TASIKMALAYA, Mediapriangan.com - Pemerintah Kabupaten Tasikmalaya resmi meluncurkan Program Satu Desa Satu Sarjana (SADESSA) sebagai salah satu program prioritas pembangunan daerah yang difokuskan pada peningkatan kualitas sumber daya manusia (SDM), khususnya di wilayah perdesaan.
Program SADESSA merupakan kebijakan strategis Bupati dan Wakil Bupati Tasikmalaya yang telah tertuang dalam Rencana Pembangunan Jangka Menengah Daerah (RPJMD) Kabupaten Tasikmalaya Tahun 2025–2029, serta masuk dalam 13 program prioritas pembangunan daerah yang telah disahkan melalui peraturan daerah (perda).
Bupati Tasikmalaya Cecep Nurul Yakin menegaskan, dengan disahkannya RPJMD menjadi perda, Program SADESSA tidak lagi bersifat program personal kepala daerah, melainkan telah menjadi program resmi Pemerintah Kabupaten Tasikmalaya yang wajib dijalankan dan disukseskan bersama oleh seluruh pemangku kepentingan.

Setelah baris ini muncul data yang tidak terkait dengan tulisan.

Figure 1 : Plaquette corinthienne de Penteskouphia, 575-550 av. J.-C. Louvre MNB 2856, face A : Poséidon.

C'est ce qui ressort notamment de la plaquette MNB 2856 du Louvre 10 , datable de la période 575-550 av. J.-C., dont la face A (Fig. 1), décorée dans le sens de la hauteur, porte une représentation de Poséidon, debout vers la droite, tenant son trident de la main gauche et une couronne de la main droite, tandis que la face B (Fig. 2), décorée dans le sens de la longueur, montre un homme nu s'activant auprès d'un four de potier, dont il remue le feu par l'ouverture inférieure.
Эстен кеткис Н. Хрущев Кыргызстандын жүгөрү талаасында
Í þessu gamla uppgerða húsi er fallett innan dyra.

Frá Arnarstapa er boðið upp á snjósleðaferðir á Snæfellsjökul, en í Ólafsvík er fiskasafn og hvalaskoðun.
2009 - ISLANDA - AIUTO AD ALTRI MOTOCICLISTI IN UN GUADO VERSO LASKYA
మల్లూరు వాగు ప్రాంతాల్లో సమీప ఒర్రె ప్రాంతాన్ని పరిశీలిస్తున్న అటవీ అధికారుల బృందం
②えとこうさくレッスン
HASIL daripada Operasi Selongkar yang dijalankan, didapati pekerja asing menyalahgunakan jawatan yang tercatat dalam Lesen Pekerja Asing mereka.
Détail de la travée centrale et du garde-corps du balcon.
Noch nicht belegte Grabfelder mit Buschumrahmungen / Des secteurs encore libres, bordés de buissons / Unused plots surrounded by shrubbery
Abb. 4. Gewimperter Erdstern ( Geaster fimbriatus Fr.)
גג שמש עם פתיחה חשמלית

Baca Juga: Daftar 14 Pejabat Kabupaten Tasikmalaya yang Dilantik Bupati Cecep Nurul Yakin Hari Ini
“Program Satu Desa Satu Sarjana ini bukan lagi program prioritas Bupati dan Wakil Bupati secara pribadi, tetapi sudah menjadi perda. Artinya, ini adalah program prioritas Pemkab Tasikmalaya yang wajib disukseskan oleh seluruh stakeholder,” ujar Cecep Nurul Yakin, Selasa (3/2/2026).

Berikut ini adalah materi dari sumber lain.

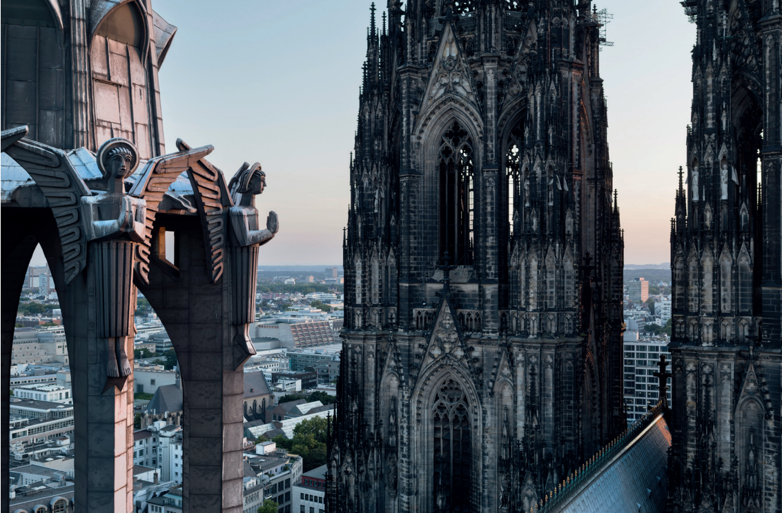
Hohe Domkirche zu Köln, Vierungsturm, Köln 2025
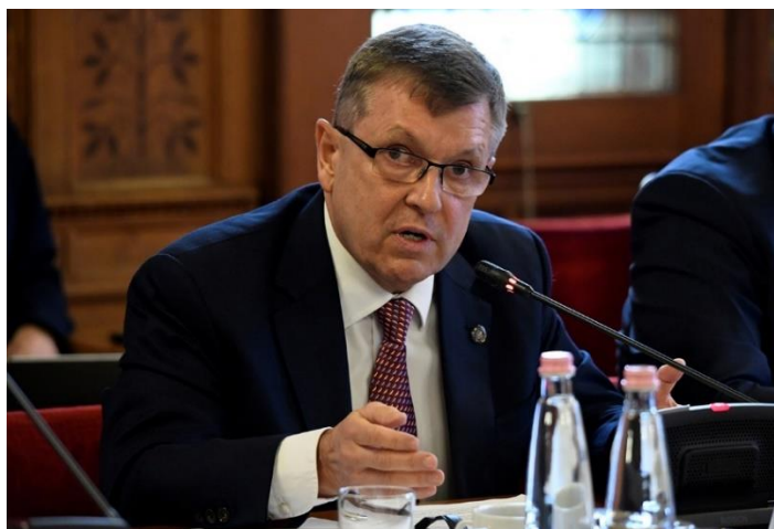
Matolcsy György Országgyűlés gazdasági bizottságban

magyarázatától, miszerint "az Oroszország elleni uniós szankciók okozzák az inflációt". A kormány által bevezetett, több árucikk árának befagyasztására (E95-ös benzinár, cukor, növényi olaj stb.) és a kamatemelések korlátozására irányuló intézkedéseket is elhibázott politikaként bírálta, mert ezek a nemzetgazdaságot sebezhetőbbé és kevésbé ár-érzékenyvé teszik. Matolcsy kihangsúlyozta, hogy ezeket az intézkedéseket nem a Nemzeti Bank kezdeményezte. Azt is tisztázta, hogy a Nemzeti Bank több alkalommal is figyelmeztette a kormányt, hogy a gazdaságpolitikája helytelen.

Ia menekankan, keberhasilan Program SADESSA membutuhkan dukungan lintas sektor, termasuk peran DPRD Kabupaten Tasikmalaya yang telah mengesahkan regulasi sebagai landasan hukum, serta kolaborasi aktif dengan berbagai pihak.
Program SADESSA diwujudkan dalam bentuk kegiatan bantuan mahasiswa yang difokuskan pada pemberian akses pendidikan tinggi bagi putra-putri terbaik daerah, terutama mereka yang berasal dari desa-desa di Kabupaten Tasikmalaya.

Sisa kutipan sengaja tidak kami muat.